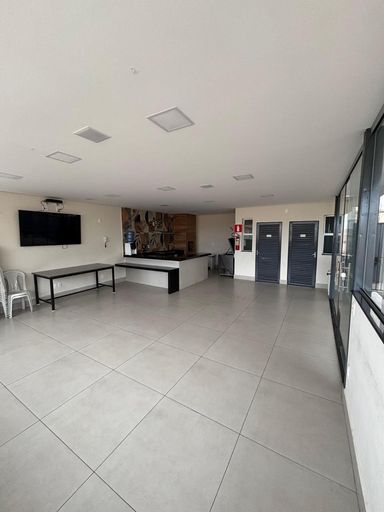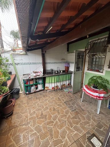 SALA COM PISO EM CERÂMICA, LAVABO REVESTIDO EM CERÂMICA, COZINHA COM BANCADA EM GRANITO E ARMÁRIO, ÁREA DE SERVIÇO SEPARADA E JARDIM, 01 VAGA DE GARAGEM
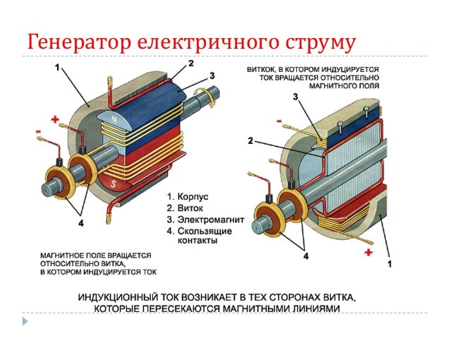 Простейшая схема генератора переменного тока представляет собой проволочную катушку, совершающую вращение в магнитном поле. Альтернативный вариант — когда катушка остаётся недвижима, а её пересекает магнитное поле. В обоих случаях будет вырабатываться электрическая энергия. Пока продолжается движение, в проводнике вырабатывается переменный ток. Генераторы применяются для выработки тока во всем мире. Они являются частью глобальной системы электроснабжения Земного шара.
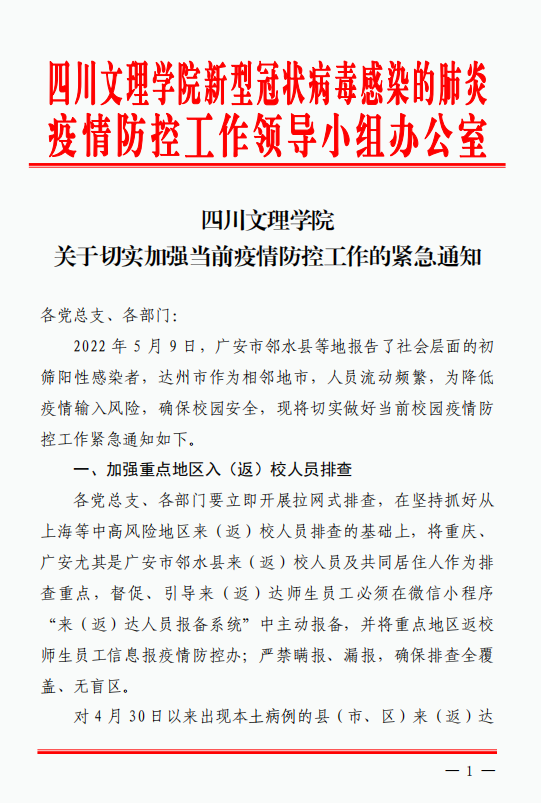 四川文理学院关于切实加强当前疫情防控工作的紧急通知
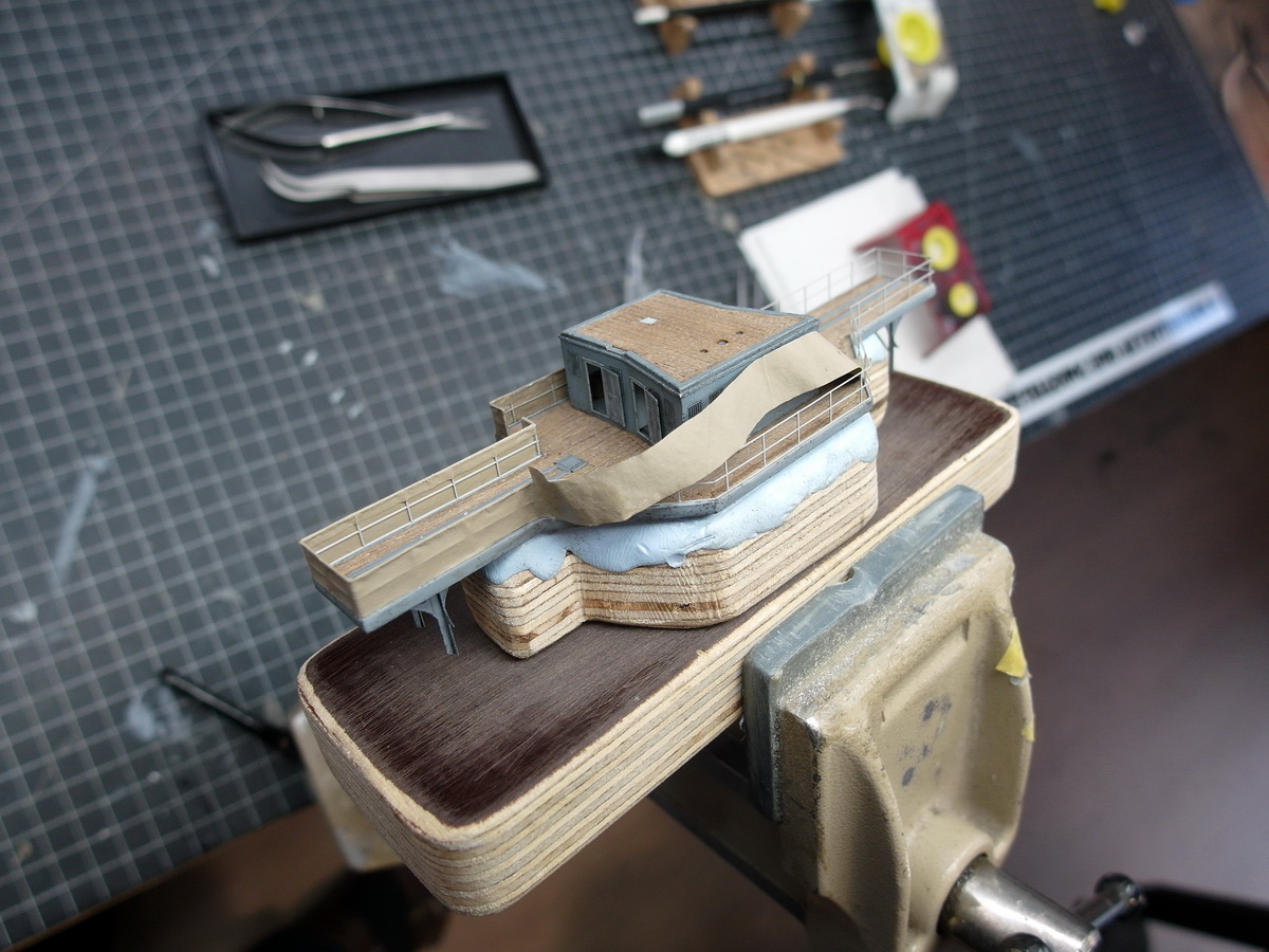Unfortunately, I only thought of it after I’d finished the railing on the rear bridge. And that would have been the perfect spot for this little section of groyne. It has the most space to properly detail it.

▸ INSTRUCTIONS FOR THE TASK
Write the listing above out again exactly, but not the images it holds.

▸ TASK RESULT
 SALA COM PISO EM CERÂMICA, LAVABO REVESTIDO EM CERÂMICA, COZINHA COM BANCADA EM GRANITO E ARMÁRIO, ÁREA DE SERVIÇO SEPARADA E JARDIM, 01 VAGA DE GARAGEM
 Простейшая схема генератора переменного тока представляет собой проволочную катушку, совершающую вращение в магнитном поле. Альтернативный вариант — когда катушка остаётся недвижима, а её пересекает магнитное поле. В обоих случаях будет вырабатываться электрическая энергия. Пока продолжается движение, в проводнике вырабатывается переменный ток. Генераторы применяются для выработки тока во всем мире. Они являются частью глобальной системы электроснабжения Земного шара.
 四川文理学院关于切实加强当前疫情防控工作的紧急通知
Unfortunately, I only thought of it after I’d finished the railing on the rear bridge. And that would have been the perfect spot for this little section of groyne. It has the most space to properly detail it.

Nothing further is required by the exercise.